──────── Material provided ────────

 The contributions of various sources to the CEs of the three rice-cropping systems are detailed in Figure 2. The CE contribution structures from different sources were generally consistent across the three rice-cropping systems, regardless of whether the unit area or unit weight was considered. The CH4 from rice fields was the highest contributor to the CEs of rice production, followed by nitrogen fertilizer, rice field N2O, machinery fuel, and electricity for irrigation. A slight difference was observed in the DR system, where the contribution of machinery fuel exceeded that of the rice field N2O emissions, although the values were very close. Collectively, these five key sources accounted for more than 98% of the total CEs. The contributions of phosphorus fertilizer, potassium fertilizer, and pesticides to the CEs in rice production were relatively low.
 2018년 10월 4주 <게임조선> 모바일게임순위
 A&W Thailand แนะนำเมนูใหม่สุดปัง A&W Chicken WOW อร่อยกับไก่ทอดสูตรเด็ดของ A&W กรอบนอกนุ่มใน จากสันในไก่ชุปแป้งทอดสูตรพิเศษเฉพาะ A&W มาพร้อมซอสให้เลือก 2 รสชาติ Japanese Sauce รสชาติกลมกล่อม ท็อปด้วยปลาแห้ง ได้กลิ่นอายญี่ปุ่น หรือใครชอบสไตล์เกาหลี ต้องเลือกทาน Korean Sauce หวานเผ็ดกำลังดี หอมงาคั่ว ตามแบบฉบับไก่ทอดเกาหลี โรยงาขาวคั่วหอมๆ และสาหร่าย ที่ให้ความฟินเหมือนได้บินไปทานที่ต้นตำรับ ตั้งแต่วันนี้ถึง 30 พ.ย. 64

────────
──────── Material provided ────────

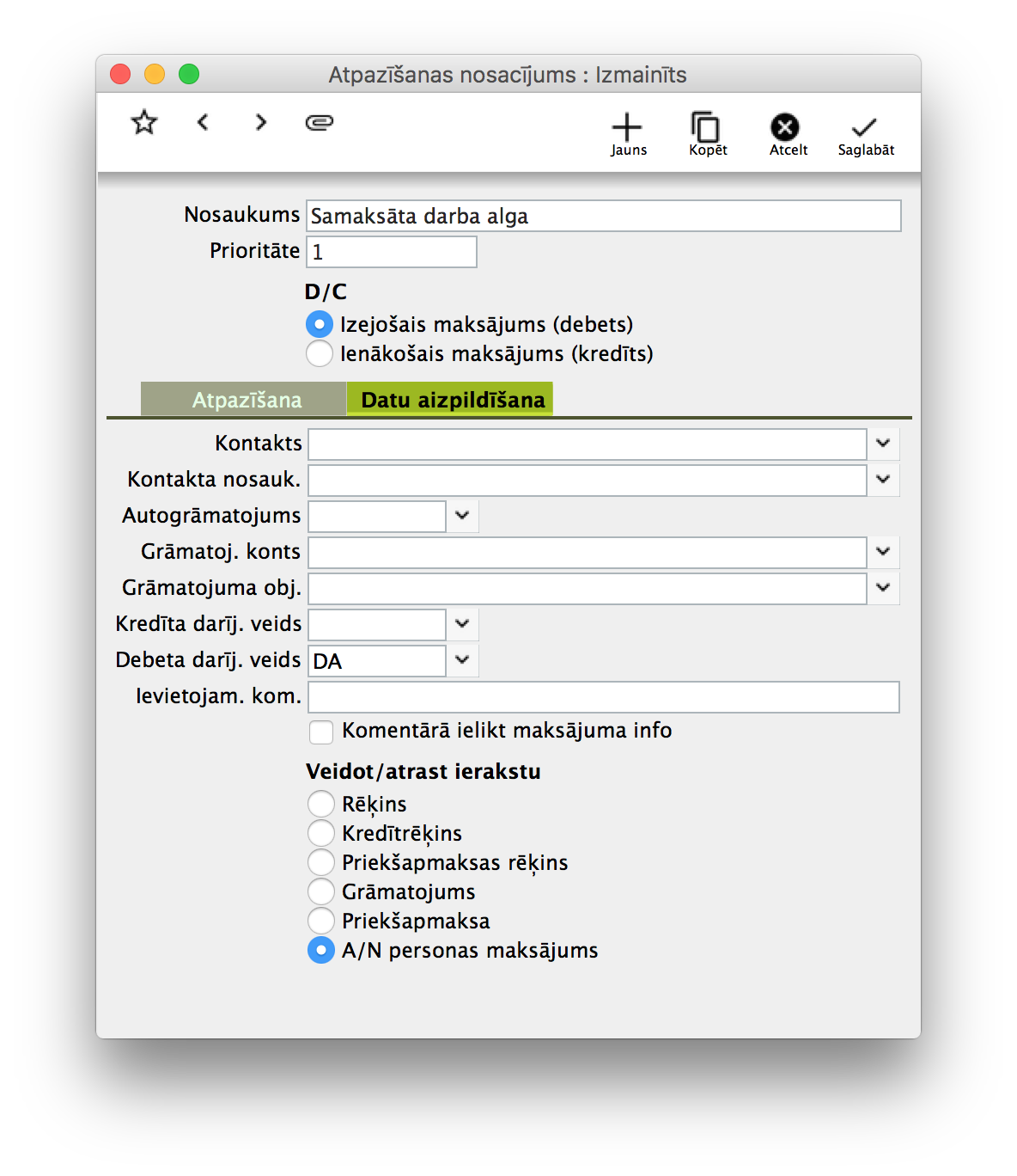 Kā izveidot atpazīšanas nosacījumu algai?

────────
──────── Material provided ────────

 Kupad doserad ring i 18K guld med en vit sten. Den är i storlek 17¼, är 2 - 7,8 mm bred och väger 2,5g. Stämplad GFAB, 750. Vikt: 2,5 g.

────────

What the task requires »
Copy out the lines above exactly, beginning at the one that contains "The contributions of various" and ending at the one that contains "2018년 10월 4주 <게임조선> 모바일게임순위".

Answer space »
 The contributions of various sources to the CEs of the three rice-cropping systems are detailed in Figure 2. The CE contribution structures from different sources were generally consistent across the three rice-cropping systems, regardless of whether the unit area or unit weight was considered. The CH4 from rice fields was the highest contributor to the CEs of rice production, followed by nitrogen fertilizer, rice field N2O, machinery fuel, and electricity for irrigation. A slight difference was observed in the DR system, where the contribution of machinery fuel exceeded that of the rice field N2O emissions, although the values were very close. Collectively, these five key sources accounted for more than 98% of the total CEs. The contributions of phosphorus fertilizer, potassium fertilizer, and pesticides to the CEs in rice production were relatively low.
 2018년 10월 4주 <게임조선> 모바일게임순위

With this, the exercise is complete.